Until last year, Cameron was seen as somewhat aloof, even distant. But the loss last February of his handicapped son, Ivan, touched the heart strings of the British public and his ratings shot up. He has also been helped by the way his wife, Samantha, has galvanized herself to campaign for her husband, just as Brown’s wife, Sarah, has repeatedly come out in the public to stand by her husband’s side.

From India’s perspective, the British general election is important because it comes at a time when Delhi’s relations with Washington appear to be cooler than before. President Barack Obama is seen as being uncomfortably close to Pakistan and much too accommodating to Islama-bad’s world view of the so-called threat to its interests allegedly posed by India.

Britain under a Labour government, however, has been pro-India. Whether for ideological reasons, or because Labour politicians see India as a rising economic star that could and will be good for the UK, London has been on Delhi’s side.

In statement after statement, including the issue of India joining the United Nations Security Council as a permanent member, the British government has been batting for India.

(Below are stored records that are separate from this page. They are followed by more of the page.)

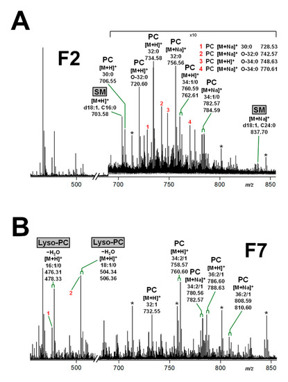 - Kouzel, I.U.; Pirkl, A.; Pohlentz, G.; Soltwisch, J.; Dreisewerd, K.; Karch, H.; Müthing, J. Progress in detection and structural characterization of glycosphingolipids in crude lipid extracts by enzymatic phospholipid disintegration combined with thin-layer chromatography immunodetection and IR-MALDI mass spectrometry. Anal. Chem. 2014, 86, 1215–1222. [Google Scholar] [CrossRef] [PubMed]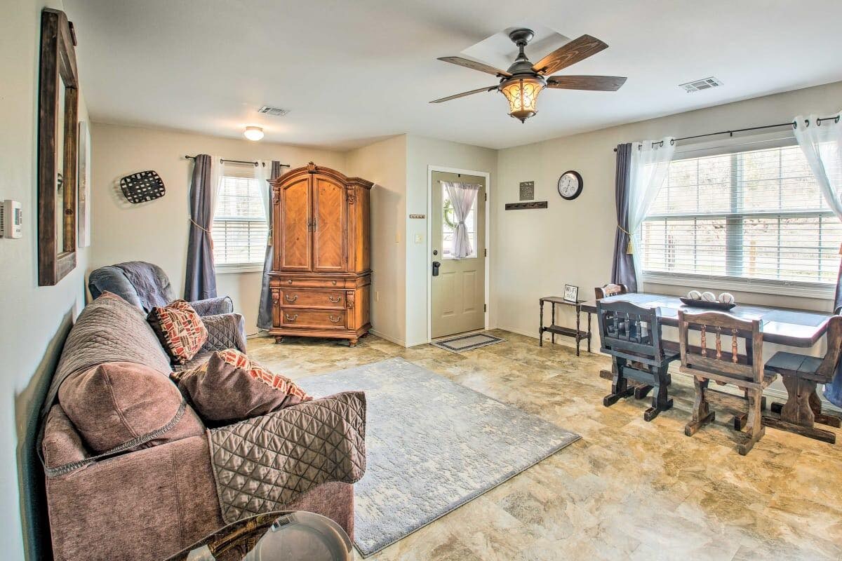 WELCOME to the Bearcat Bungalow; the perfect place to get away after a day at Blue Mountain Lake or a hike on Mt. Magazine. This cute and charming little house is only about 13 miles from Blue Mountain Lake, and 10 miles from Mt. Magazine and the Ouachita National Forest, where there are endless hours, ATV, and hiking trails. For our guests with outside pets, we offer an 8x10 pen for your furry friend! This is perfect for anyone coming to town for the J. Perry Mikles field trials.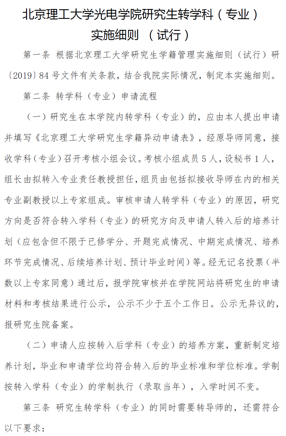 通知公告 通知公告 香港彩霸王» 通知公告» 香港彩霸王 通知 北京理工大学香港彩霸王 研究生转学科(专业) 实施细则 (试行) 编辑:盛筠 审核:王茜蒨 发布日期:2021-06-07 阅读次数: 分享到: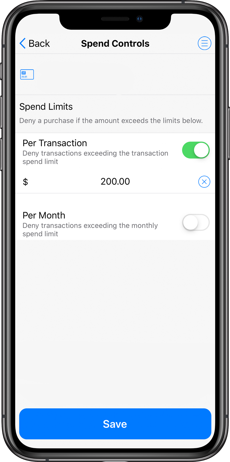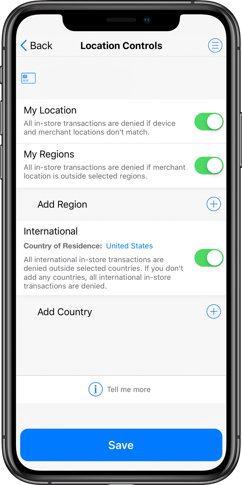• Prevent fraudulent activity by setting controls on transaction types, locations, and merchant types where your card can be used

UK foreign policy, where India is concerned, is not likely to change if the Conservatives win. But from India’s point of view, Brown is at least a known entity, even though his Foreign Secretary, David Milliband, scored a black mark by addressing senior Indian politicians by their first names. (“Hi Pranab” being just one example).

The Conservatives could still win brownie points with Delhi in one respect. Under Brown, the UK government policy on travel and visas  for India has become stricter and much more expensive. The election may be a month away, but Cameron could do himself a power of good with his NRI constituents and New Delhi by promising to relax the rules for entry visas.